Wahrscheinlich wirkt bei den «Abprallern» des Eurokurses an der Kursgrenze bei 0,92 Franken auch die Drohkulisse, welche die SNB seit Jahren aufbaut hat. «Bei Bedarf» werde man an den Devisenmärkten intervenieren, sagen die Protagonisten der SNB bei jeder sich bietenden Gelegenheit. Zum SNB-Direktoriumsmitglied Petra Tschudin Ende Oktober in Basel: «Ich sage immer: Wenn es nötig ist, sind wir bereit, dieses Instrument einzusetzen.»
«Wetten Sie nicht gegen den Schweizer Franken»
Aus taktischen Gründen gibt die SNB nicht bekannt, wann und bei welcher Marke sie an den Devisenmärkten interveniert - und lässt damit Marktteilnehmer bewusst in der Schwebe. Was nun zur Folge hat, dass sich Spekulanten ab einer gewissen Schwelle vorsichtig werden und sich mit Wetten gegen den Euro nicht die Finger verbrennen wollen. Die Aussage von Samuel Zief, Leiter der globalen Devisenstrategie bei J.P. Morgan Private Bank, vor zwei Jahren verdeutlicht diese Unsicherheit: «Mein Mantra lautet seit langem: Wetten Sie nicht gegen den Schweizer Franken.»

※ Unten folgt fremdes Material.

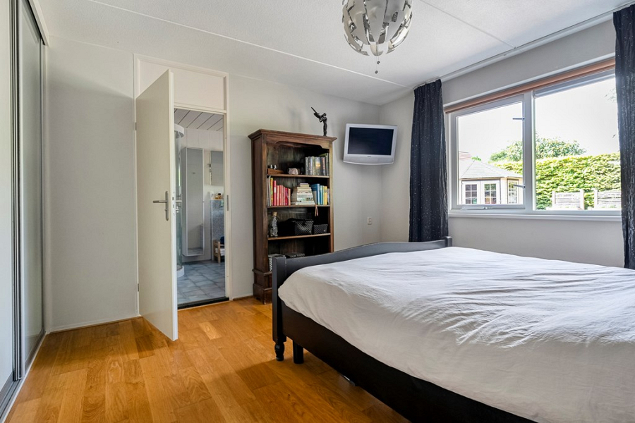 Via de woonkamer ga je terug naar de hal. Via de hal bereik je de royale slaapkamer op de begane grond, waardoor de woning levensloopbestendig is. Deze slaapkamer beschikt over een zeer ruime badkamer, compleet uitgerust met een toilet, een hoekbad, een aparte douchehoek en een wastafel. De badkamer is functioneel en voor wie dat wil, zijn er in de toekomst volop mogelijkheden om deze ruimtes te moderniseren. Maar zo geniet je van alle comfort op één verdieping en kun je hier met gemak en plezier blijven wonen.

Mit Zinsen bei null und einer Zurückhaltung der SNB, in den negativen Bereich zu gehen, sind die Devisenmarktintervention ein wichtiges Instrument für die Zentralbank. Die SNB kam in der Vergangenheit jedoch immer wieder unter Beschuss der USA, wonach sie mit ihren Interventionen den Frankenkurs manipuliere. Im September bekräftigten die beiden Länder in einer Erklärung ihr Versprechen, Währungen nicht zu manipulieren. Die SNB sicherte dabei zu, ihre Geldpolitik weiterhin auf Preisstabilität auszurichten.
In einer separaten Mitteilung betonte die SNB allerdings, die Vereinbarung sei rechtlich nicht verbindlich und spiegele lediglich die bestehende Praxis wider. Und beide Seiten räumten ein, dass Eingriffe am Devisenmarkt ein legitimes Mittel sein können, um übermässige Volatilität oder ungeordnete Ab- oder Aufwertungen einzudämmen.